Salvador Buruca’s sister, Maria Buruca, filed suit individually and on behalf of her brother’s estate. Her complaint names the District of Columbia, the MPD, and ■several unknown “John Doe” MPD officers as defendants. The complaint includes the following claims: Count I (42 U.S.C. § 1983 against John Doe police officers); Count II (42 U.S.C. § 1983 against the District of Columbia); Count III (assault, battery, negligence, and intentional infliction of emotional distress (“IIED”)); Count IV (wrongful death under D.C.Code § 16-2701); and Count V (Survival Act, D.C. Code § 12-101). The District now moves for summary judgment or dismissal on all counts.

III. ANALYSIS

A. The Court Will Dismiss All Claims Brought Against the Metropolitan Police Department or the “John Doe” Officers

The District argues that Metropolitan Police Department is non sui juris and cannot be sued. See Hunt v. District of Columbia, 2002 WL 1997987, at *1 (D.C.Cir. Aug. 29, 2002) (per curiam); Heenan v. Leo, 525 F.Supp.2d 110, 112 (D.D.C.2007). Second, the District asks the court to dismiss any claims brought against the “John Doe” defendants, because claims against fictitious defendants must be dismissed after the close of discovery. See Simmons v. District of Columbia, 750 F.Supp.2d 43, 45 (D.D.C.2011) (requiring the plaintiff to replace “John Doe” defendants with real defendants after the completion of discovery). The District is correct, and the plaintiff concedes as much by failing to oppose this portion of its motion. 1

B. Legal Standard for a Motion for Summary Judgment

Summary judgment may be granted when “the movant shows that there is no genuine dispute as to any material fact and *80 the movant is entitled to judgment as a matter of law.” Fed.R.CivJP. 56(a). A fact is “material” if it is capable of affecting the substantive outcome of the litigation. Anderson v. Liberty Lobby, Inc., 477 U.S. 242, 248, 106 S.Ct. 2505, 91 L.Ed.2d 202 (1986). A dispute is “genuine” if sufficient evidence exists such that a reasonable jury could return a verdict for the non-moving party. See Scott v. Harris, 550 U.S. 372, 380, 127 S.Ct. 1769, 167 L.Ed.2d 686 (2007).

The principal purpose of summary judgment is to streamline litigation by disposing of factually unsupported claims or defenses and determining whether there is a genuine need for trial. Celotex Corp. v. Catrett, 477 U.S. 317, 323-24, 106 S.Ct. 2548, 91 L.Ed.2d 265 (1986). The moving party bears the initial responsibility of identifying those portions of the record which demonstrate the absence of any genuine issue of material fact.
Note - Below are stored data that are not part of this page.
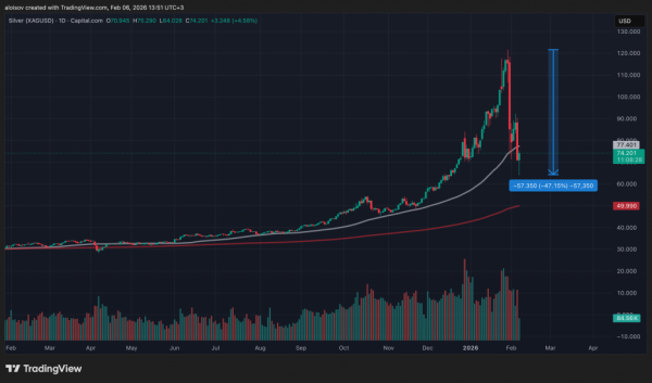 Ринок коштовних металів пережив історичний обвал. Срібло здешевшало на 20% за день 5 лютого, опустившись нижче за $71 за унцію. Від найвищих значень кінця січня ($120-130 за унцію) зниження склало близько 36%. Крах срібла посилив паніку на фінансових ринках, оскільки інвестори масово виходили з ризикованих активів.
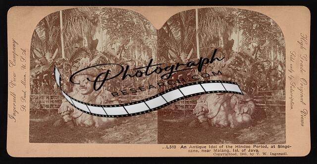 An antique idol of the Hindoo period, at Singosane, near Malang, Isl. of Java
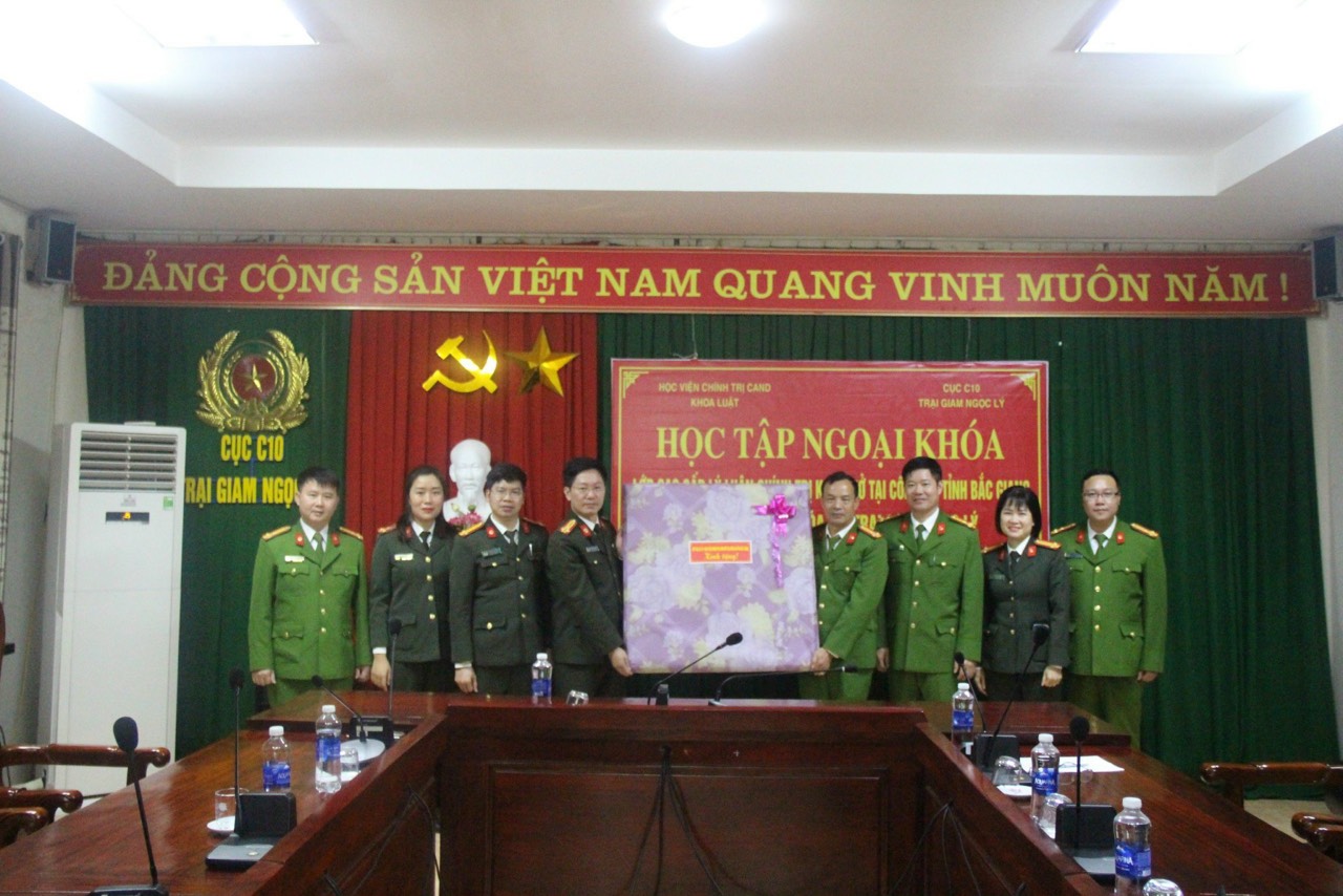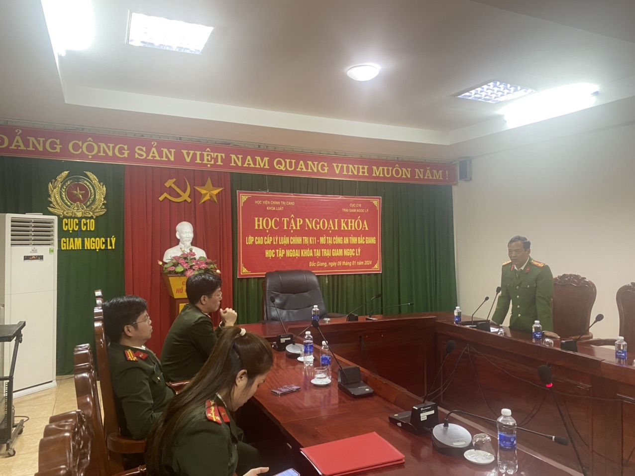 Thực hiện Kế hoạch số 20/KH-T03-K4, ngày 05/01/2024 của Khoa Luật, Học viện Chính trị CAND về việc tổ chức học tập ngoại khóa cho lớp đào tạo trình độ cao cấp lý luận chính trị, hệ không tập trung - Khóa 11, mở tại Công an tỉnh Bắc Giang và được sự đồng ý của Ban Giám đốc Học viện, ngày 09/01/2023 Khoa Luật, Học viện Chính trị CAND tổ chức buổi học tập ngoại khóa với nội dung: “Thực hiện quy định của pháp luật về quyền của phạm nhân tại Trại giam Ngọc Lý” cho học viên lớp học.
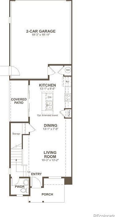 This floor plan features a well-organized open layout that prioritizes functionality and flow. The entrance opens into a spacious living room measuring 15’3″ by 13’2″, seamlessly connected to the dining area, which is 13’1″ by 7’9″. Adjacent to the dining space, the kitchen is compact but efficient with dimensions of 13’1″ by 9’6″, complete with an optional extended island for extra prep and seating space. A cozy powder room is conveniently located near the entry, while stairs to the upper level sit beside a small storage closet. Outdoor living is welcomed with a covered patio accessible from the kitchen area, and a two-car garage is attached at the rear for easy access.
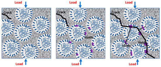 It is reported that structural heterogeneities such as exist in bimodal or multi-modal eutectics are an effective approach to dissipating excessive stress via the rotation of cellular colonies [54,55]. Although the quaternary eutectic has a bimodal eutectic structure, no rotation behaviour was observed from the fracture surface. It can be also induced by the relatively lower compressive plasticity compared with Al-Cu-Si based ultrafine eutectic alloys [26]. Instead, many wavy microcracks similar to eutectic cell sizes were found at the eutectic cell boundaries, which had very coarse Al2Cu lamellae. In another word, the crack initiates from coarse Al2Cu lamellae. The crack tends to extend along the cell boundaries, rather than penetrate into the eutectic cells. The suggested fracture mechanism of bimodal quaternary Al-Cu-Si-Mg alloy is shown in Figure 12. Firstly, the nucleation of the crack occurs in the defects or large voids near the surface of the sample. Secondly, the increase in load leads to the extension of the crack along the cell boundaries, meanwhile, some voids nucleate and grow because the stress near the eutectic cells exceeds the critical value of the coarse Al2Cu lamellae. Finally, the main crack further propagates along the cell boundaries and some small cracks penetrate into the eutectic cells with the increase of stress inside the cells. As a result, catastrophic failure takes place.

Id. at 323, 106 S.Ct. 2548; Fed.R.Civ.P. 56(c)(1)(A) (noting that the movant may cite to “depositions, documents, electronically stored information, affidavits or declarations, ... admissions, interrogatory answers, or other materials”). In response, the non-moving party must similarly designate specific facts in the record that reveal a genuine issue that is suitable for trial. Celotex, 4717 U.S. at 324, 106 S.Ct. 2548.

On a motion for summary judgment, the court must “eschew making credibility determinations or weighing the evidence,” Czekalski v. Peters, 475 F.3d 360, 363 (D.C.Cir.2007), and all underlying facts and inferences must be analyzed in the light most favorable to the non-moving party, Anderson, 477 U.S. at 255, 106 S.Ct. 2505. Nevertheless, conclusory assertions offered without any evidentiary support do not establish a genuine issue for trial. Greene v. Dalton, 164 F.3d 671, 675 (D.C.Cir.1999).

C. The Court Will Grant Summary Judgment on the Plaintiffs Common-Law Claims

“When an individual is shot by a District of Columbia police officer, and he or his successors in interest decide to bring a lawsuit, they may proceed under one or more different common law theories of legal liability.” Holder v. District of Columbia, 700 A.2d 738, 741-42 (D.C.1997).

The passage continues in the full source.